The Health Insurance Portability and Accountability Act (HIPAA) is a United States law that was enacted in 1996 by Congress. The law’s primary purpose is to protect the privacy of patient health information. The law also sets standards for the security and accuracy of health information.
The HIPAA Privacy Rule sets national standards for the privacy of individually identifiable health information. The HIPAA Security Rule sets national standards for the security of electronic protected health information.
The HIPAA Breach Notification Rule requires covered entities to notify individuals, the Secretary of the Department of Health and Human Services (HHS), and the media of certain breaches of unsecured protected health information.
Who is Affected by HIPAA?
The HIPAA Privacy Rule applies to health plans, health care clearinghouses, and those health care providers that conduct certain health care transactions electronically. These transactions are known as HIPAA transactions.
The HIPAA Security Rule applies to health plans, health care clearinghouses, and health care providers that electronically store or transmit protected health information.
The HIPAA Breach Notification Rule applies to health plans, health care clearinghouses, and health care providers that experience a breach of unsecured protected health information.
What is Protected Health Information?
Protected health information is information that is individually identifiable and that relates to the past, present, or future physical or mental health or condition of an individual, the provision of health care to an individual, or the payment for the provision of health care to an individual.
How is Protected Health Information Used?

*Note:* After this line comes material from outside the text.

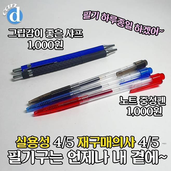 또 볼펜이 닿는 필기감이 좋아서 자주 구매하고 있어요.
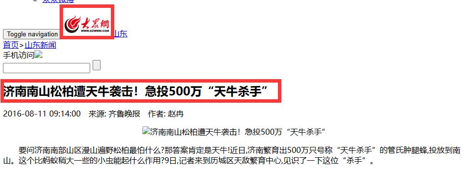 大众网:《济南南山松柏遭天牛袭击!急投500万“天牛杀手”》 2016-08-11

Protected health information may be used and disclosed for the following purposes:
- Treatment.
- payment.
- health care operations.
- research.
- public health purposes.
- law enforcement purposes.
- disclosure to a family member, friend, or other person involved in the individual’s care or payment for care.
What are the HIPAA Privacy Rule Requirements?
The HIPAA Privacy Rule requires covered entities to:
- establish and implement a written privacy policy.
- designate a privacy official.
- provide training on the privacy policy.
- issue a notice of privacy practices.
- obtain written authorization from the individual before using or disclosing protected health information.
- maintain the privacy of protected health information.
What are the HIPAA Security Rule Requirements?
The HIPAA Security Rule requires covered entities to:
- adopt administrative, physical, and technical safeguards to protect the confidentiality, integrity, and availability of protected health information.
- develop and implement a risk management plan to identify and address potential threats to the security of protected health information.